:: Exercise data ::
┌────────
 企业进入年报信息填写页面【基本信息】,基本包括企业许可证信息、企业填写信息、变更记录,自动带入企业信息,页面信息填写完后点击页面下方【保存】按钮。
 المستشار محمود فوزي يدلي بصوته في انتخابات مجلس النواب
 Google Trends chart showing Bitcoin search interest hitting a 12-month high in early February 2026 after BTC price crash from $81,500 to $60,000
└────────
┌────────
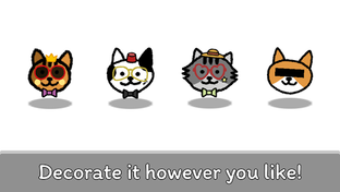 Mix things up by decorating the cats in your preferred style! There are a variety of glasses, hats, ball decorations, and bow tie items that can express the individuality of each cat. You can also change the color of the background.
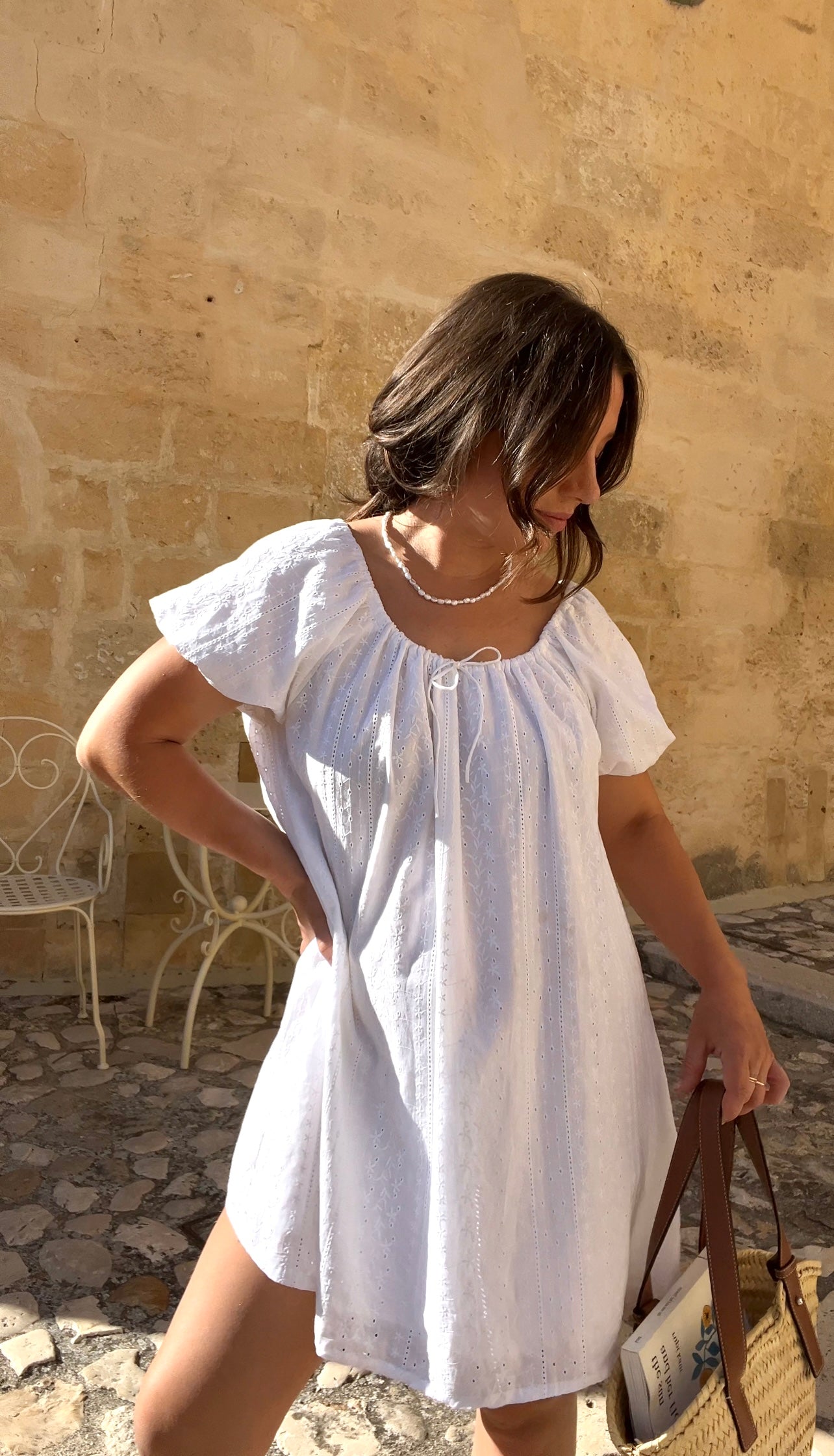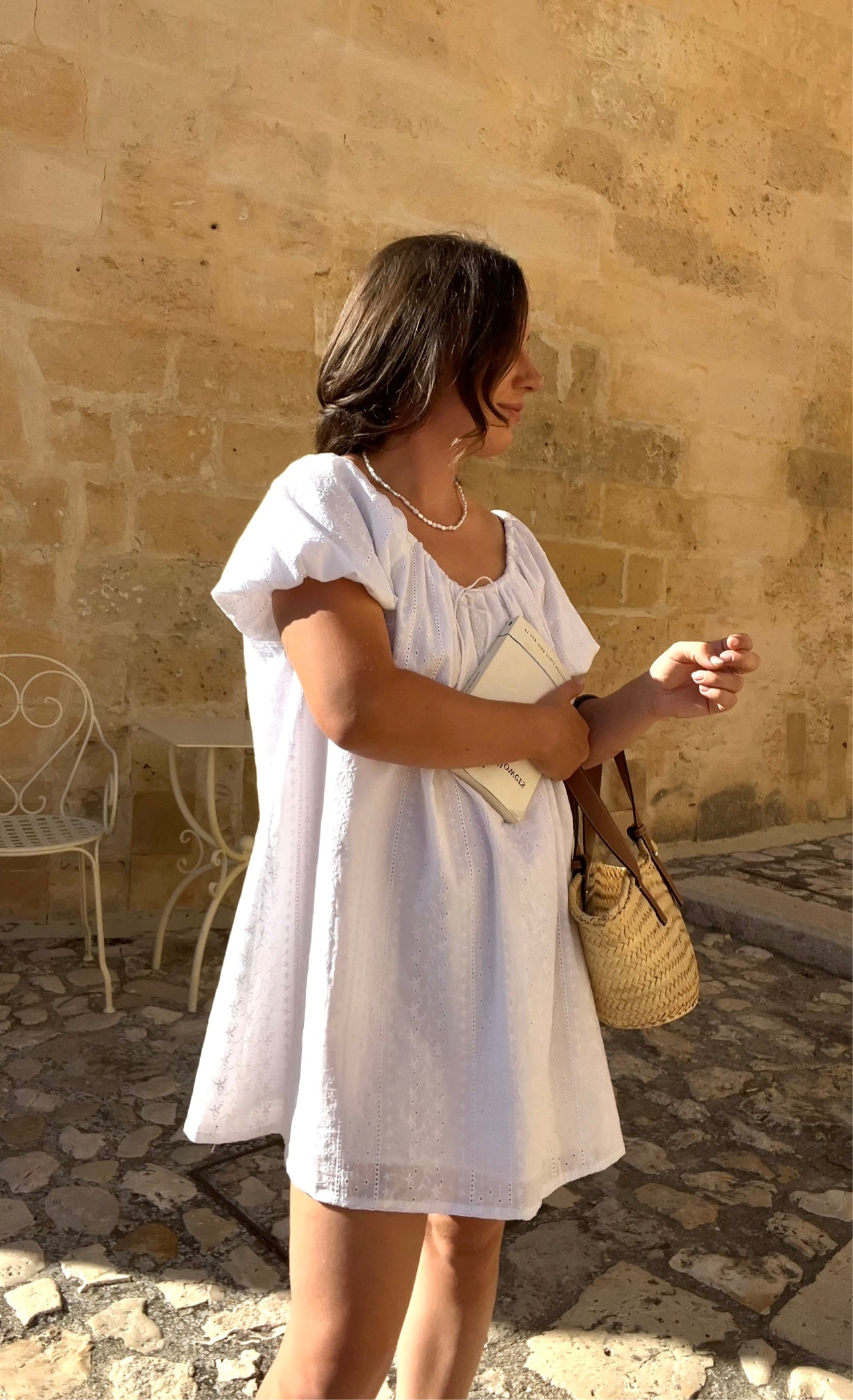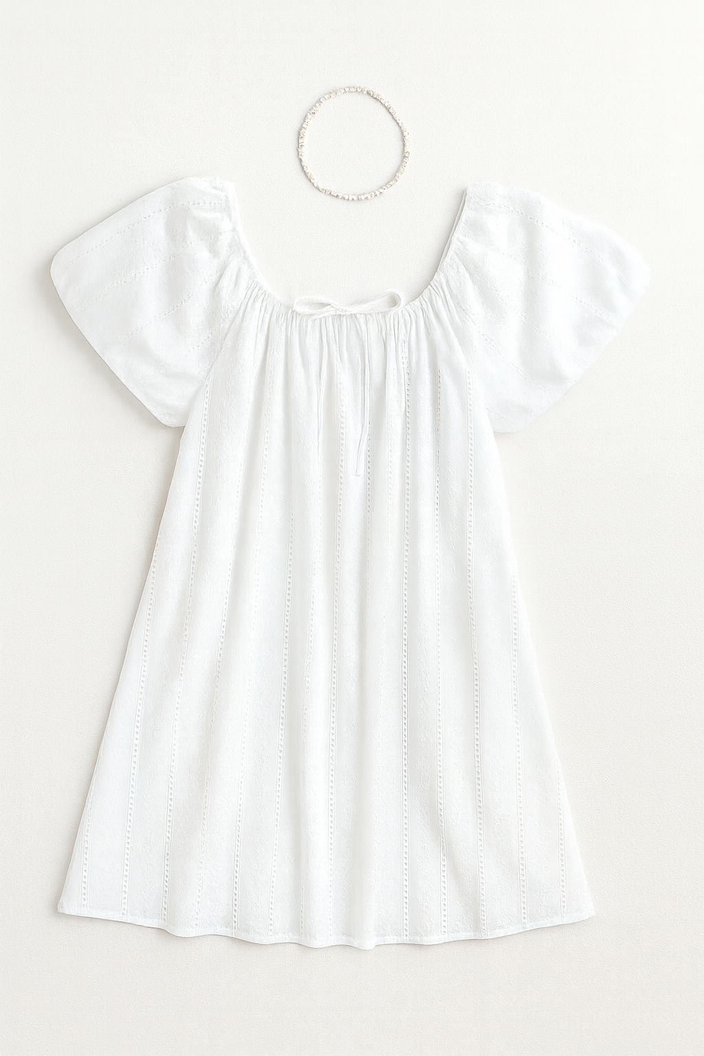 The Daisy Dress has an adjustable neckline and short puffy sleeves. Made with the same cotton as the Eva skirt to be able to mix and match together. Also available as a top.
└────────
:: To do ::
Repeat, word for word, the lines above between the line holding "企业进入年报信息填写页面【基" and the line holding "Google Trends chart", inclusive; omit everything else.

:: Result for this task ::
 企业进入年报信息填写页面【基本信息】,基本包括企业许可证信息、企业填写信息、变更记录,自动带入企业信息,页面信息填写完后点击页面下方【保存】按钮。
 المستشار محمود فوزي يدلي بصوته في انتخابات مجلس النواب
 Google Trends chart showing Bitcoin search interest hitting a 12-month high in early February 2026 after BTC price crash from $81,500 to $60,000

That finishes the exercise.